Dr. Carter is Board Certified in Medical Oncology and Hematology. He completed his Residency in Internal Medicine at Methodist Hospital, in Memphis and his Fellowship in Hematology/Oncology at Duke University Medical Center in Durham, North Carolina.
Born in Oklahoma, Dr. Carter graduated with high honors from the University of Tennessee and received his medical degree from the University of Tennessee Center for Health Sciences in 1979.
CHC Asking for Donations of Medicine
The Church Health Center is asking doctors' offices to donate one out of every three sample medications to the Center. The Center will provide containers and pick up the medicines. To sign up for the "1 in 3 for the CHC" initiative call (901) 272-0010, Ext. 1106.
Here is more info from Mike Sturdivant, the CHC's Director of Integrated Health, in case you have the space and envisioned a larger piece:
• 1 out of 3 for the CHC is a plan for recruiting additional medication samples for the patients of the Church Health Center We are asking doctor's offices to donate one out of three samples they receive in their offices. We will provide a container to be placed in their medicine rooms, labeled with Church Health Center and our phone number. The Church Health Center will pick up the container when notified by the doctor 's office. We encourage the office staff managing the donation of samples to make the donation when the samples are first received. If the doctor's office knows they usually will not use 10% or more of a medicine sample, we ask that the sample be donated on the front end rather than waiting until it is near expiration. The Church Health Center cannot use expired medicines.

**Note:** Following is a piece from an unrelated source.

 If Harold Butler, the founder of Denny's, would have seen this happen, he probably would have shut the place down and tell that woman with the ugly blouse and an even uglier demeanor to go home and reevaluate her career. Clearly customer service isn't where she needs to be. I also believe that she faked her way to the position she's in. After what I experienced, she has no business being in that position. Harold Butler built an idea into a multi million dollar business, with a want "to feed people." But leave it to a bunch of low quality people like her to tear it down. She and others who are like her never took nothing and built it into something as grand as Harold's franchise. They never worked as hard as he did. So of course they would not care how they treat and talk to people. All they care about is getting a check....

The Church Health Center provides patients with the majority of their medicines by giving them samples. Our patients are uninsured or underinsured working individuals who would be unable to afford their medicines if we did not have them to give. We are thankful for the doctor's offices currently contributing and look forward to recruiting many new donors with the 1 out of 3 for CHC.
Baptist Centers for Cancer Care
MEMPHIS— Baptist Centers for Cancer Care is partnering with the American Cancer Society to host a prostate cancer support group, Man to Man®.

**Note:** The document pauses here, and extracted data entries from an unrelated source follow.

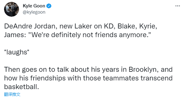 小乔丹回应被篮网交易:我想这只是双方都想找到对我们双方都有利的东西。我觉得他们给了我作为一名老将的尊重;小乔丹还调侃和杜兰特、哈登、欧文、格里芬等篮网球员不再是朋友了,之后小乔丹哈哈大笑,又接着说:我们是兄弟,这已经超越了篮球,所以我们是否在一个队打球并不会影响我们的关系。
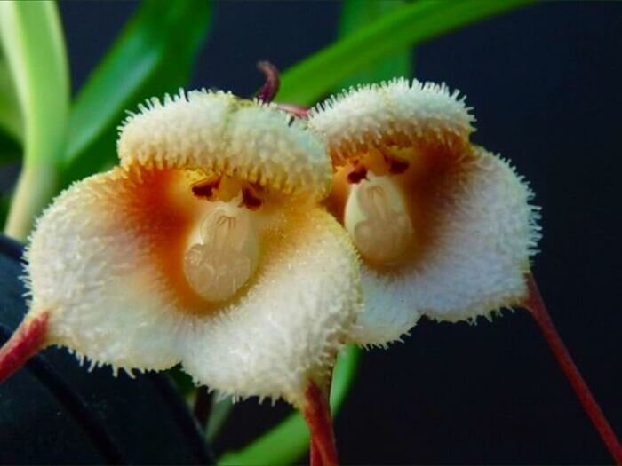 Есть как минимум два вида орхидей, которые похожи на обезьян. Один из них - Dracula saulii, крошечная пушистая белая орхидея с лицом обезьяны, обнаруженная совсем недавно в Перу (2006 год), другой - Dracula simia - орхидея, обнаруженная в горных районах Эквадора, Колумбии и Перу. Оба они относятся к роду Дракула, который насчитывает 123 вида. Ни одно растение этого вида не высасывает кровь, а название получили за свою форму, напоминающую морду маленького дракончика и преимущественно темную расцветку.
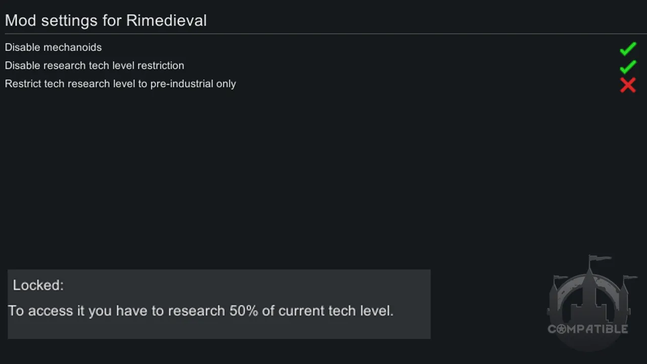 Instead of removing technologies and things, mod patches each pawn and faction, hiding technologies higher than the medieval ones. Now every faction have it`s own marker with current tech level in the description. And even more! We've patched all the quest rewards, which Medieval - Vanilla didn't.
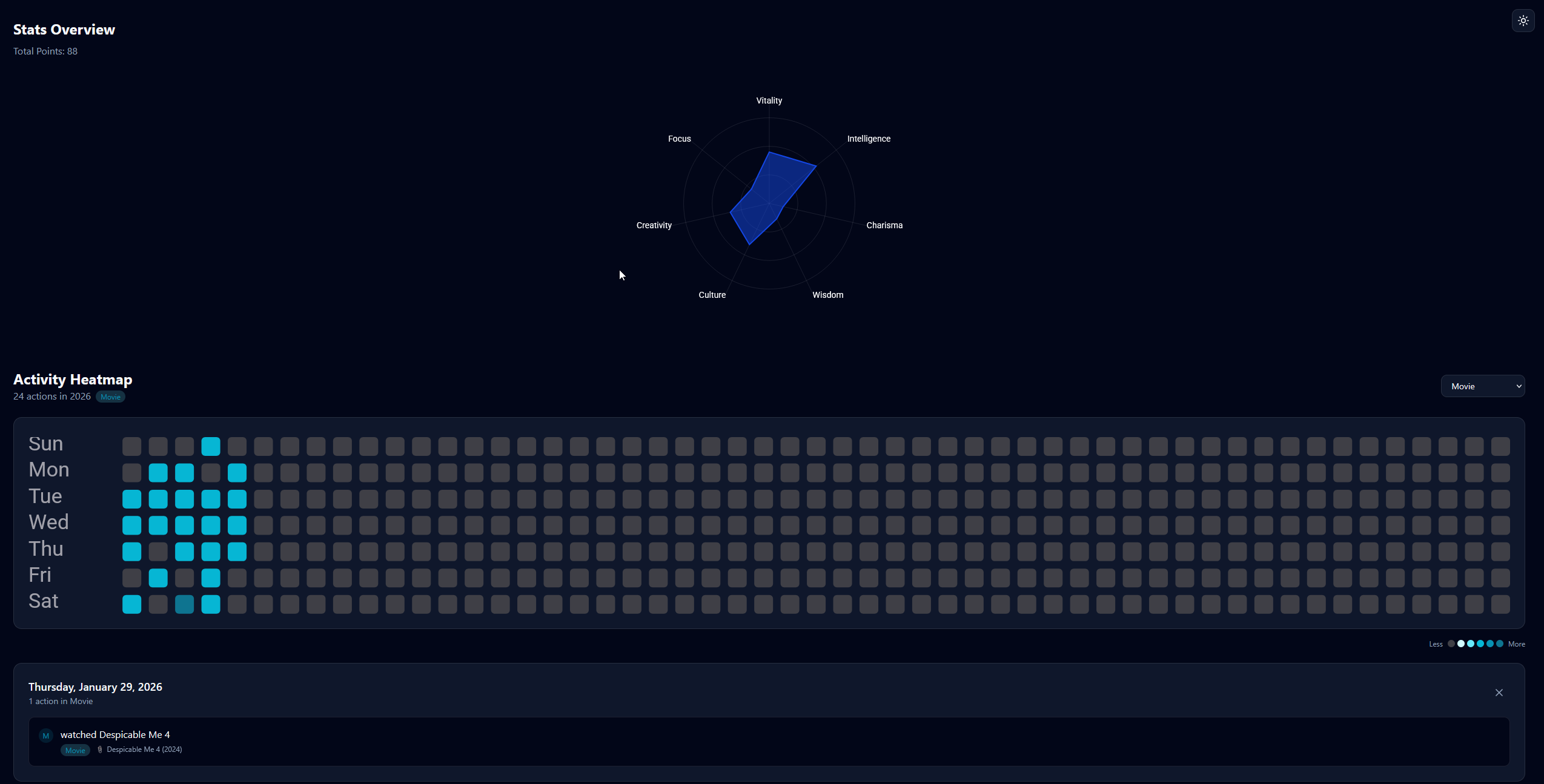 The bones were done. Now I just needed to dress it up. I served the points and actions from the SQLite database using REST endpoints (FastAPI). I consumed these endpoints in the frontend (Svelte) to present them in a radar chart showing my stat distribution and a heat map tracking daily activity patterns.

The group will meet at 6:30 p.m. in the Ann L. and Joseph H. Powell Library, located in the physicians' office building adjacent to the hospital at 6025 Walnut Grove. Monthly support meetings will be held on the third Thursday of each month in the Powell Library at 6:30 p.m. December's meeting will be held December 17.
Designed to help men and their families cope with prostate cancer, Man to Man provides a comfortable setting for discussion, education and support through the recovery process. Spouses and family members are encouraged to attend.

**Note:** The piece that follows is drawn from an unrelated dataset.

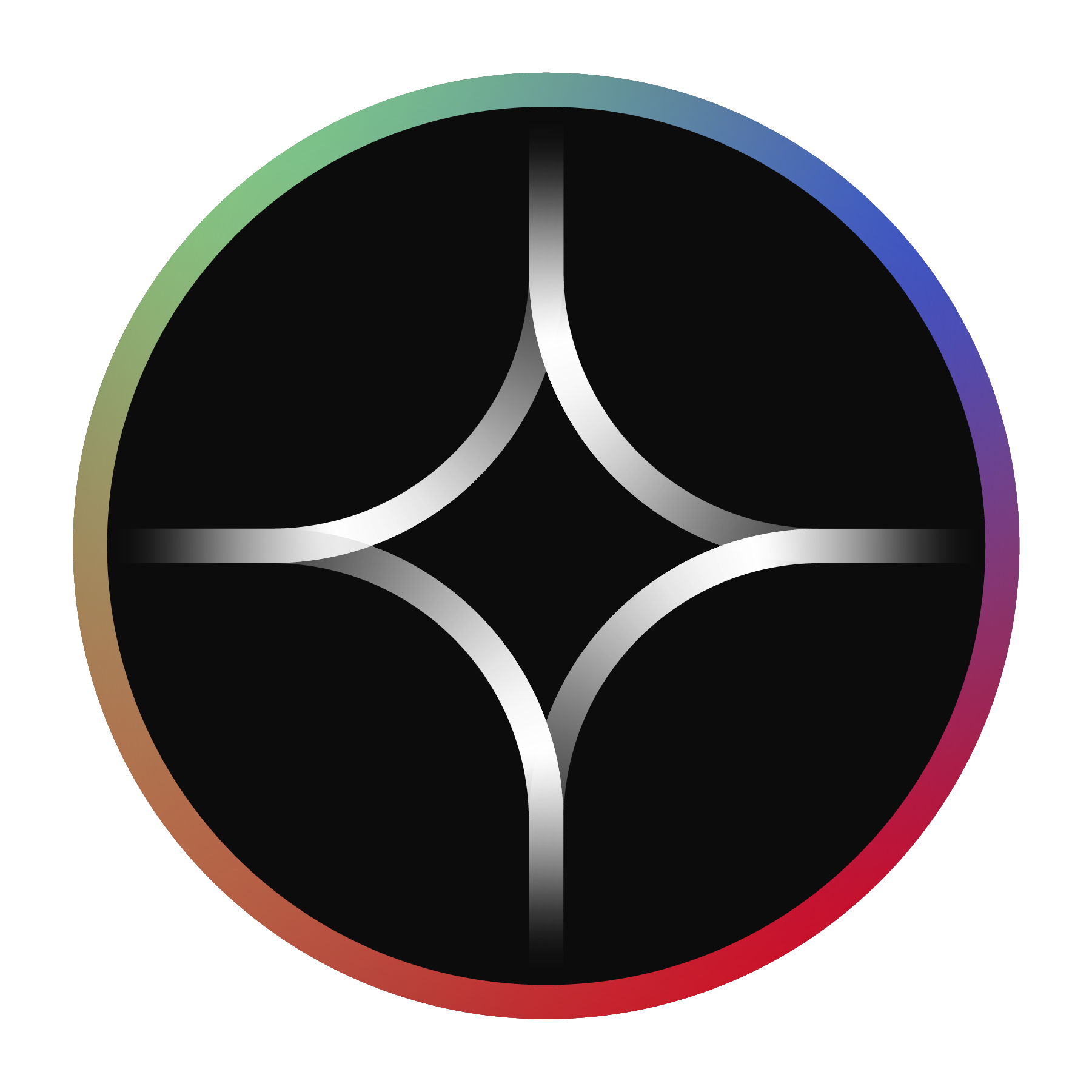Utilize a estrela de quatro pontas preenchida e conecte-as com linhas finas em degradê fade out para formar o pattern da Starian. Aplique-o sobre fundos claros ou escuros, utilizando sobretons da paleta sóbria.

According to ACS, more than 1.8 million men in the United States are prostate cancer survivors. About one in six men will be diagnosed with prostate cancer during his lifetime, but only one in 34 men will die from the disease. About 90 percent of prostate cancers are diagnosed by a physician in the early stages – usually before symptoms occur.
Baptist Centers for Cancer Care boasts Memphis' first adult myelosuppression unit– a specialized cancer unit for high-risk patients with compromised immune systems – as well as the first adult cancer genetic counseling and testing program in the area. A 2002 grant from the Baptist Memorial Health Care Foundation provided for an additional genetic counselor and funded a nurse navigator program, designed to guide patients through the cancer journey. This grant also provided Baptist the opportunity to expand its stem cell transplant program to include allogeneic stem cell transplants, the process through which healthy donor cells are transplanted into patients with certain cancers.